A Conditional Fee Agreement (CFA) is a contract where a solicitor agrees to be paid only if the case is successful, often called a "no win, no fee" agreement.

Key Term: conditional fee agreement (CFA)
An agreement where the solicitor’s fee is payable only if the client’s case succeeds, with a possible success fee uplift.

Key Term: success fee
An additional fee (up to a statutory cap) payable to the solicitor under a CFA if the case is successful.

Key Term: LASPO 2012
The Legal Aid, Sentencing and Punishment of Offenders Act 2012, which changed the rules on recoverability of success fees and ATE premiums.

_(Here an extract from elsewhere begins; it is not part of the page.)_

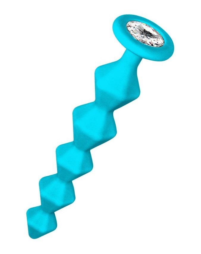 Бирюзовая анальная цепочка с кристаллом Chummy - 16 см.

CFAs are governed by s58 Courts and Legal Services Act 1990. To be enforceable, a CFA must be in writing and state the success fee as a percentage uplift on base costs, together with the definition of “success” for the matter. “Discounted” CFAs are common, where the solicitor charges a reduced hourly rate if the case fails, with full base costs and a success fee if it succeeds.

Post-LASPO 2012:

  • success fees are generally not recoverable from the opponent; they are payable by the client from damages if the case succeeds
  • a statutory cap applies in personal injury claims: the client’s liability for the success fee is capped at 25% of damages for pain, suffering, and loss of amenity plus past financial losses (excluding future losses). The success fee cannot exceed 100% of base costs in any case
  • ATE insurance premiums are generally not recoverable inter partes (with a limited exception for the portion of the premium relating to expert reports in clinical negligence proceedings)
  • CFAs are not permitted in most family proceedings.

Practical points:

  • disbursements (court fees, expert reports, counsel’s fees) are usually payable by the client whether the case wins or loses, unless covered by insurance or other funding
  • if the client wins, the opponent may be ordered to pay costs assessed on the standard basis. The client remains liable to their solicitor for the full bill; inter partes costs recovered are credited, and the client pays any shortfall plus the success fee
  • if the client loses, the client typically pays no base costs to their solicitor under a full “no win, no fee” CFAs. However, they may still be liable for opponent’s costs and their own disbursements. ATE cover is often advisable to protect against adverse costs.

Key Features (CFAs)

  • The success fee is capped (e.g., 25% of damages in personal injury claims).
  • Since LASPO 2012, the success fee is paid by the client from damages, not by the losing party.
  • Disbursements (e.g., court fees, expert reports) are usually payable by the client, win or lose, unless covered by insurance.
  • CFAs must be in writing and define “success”; if unenforceable, the client may not have to pay the solicitor’s fees.
  • ATE insurance is commonly paired with CFAs to protect against adverse costs; premiums are usually deferred and contingent on success, but generally not recoverable from the opponent.

Worked Example 1.2

A solicitor agrees to act for a client in a personal injury claim under a CFA. The solicitor’s normal fee would be £2,000. The CFA provides for a 25% success fee. The client wins £10,000 in damages.

Answer:
The solicitor is entitled to £2,000 plus a £500 success fee (25% of £2,000). The success fee is paid from the damages. The client receives £9,500 after paying the solicitor’s total fee.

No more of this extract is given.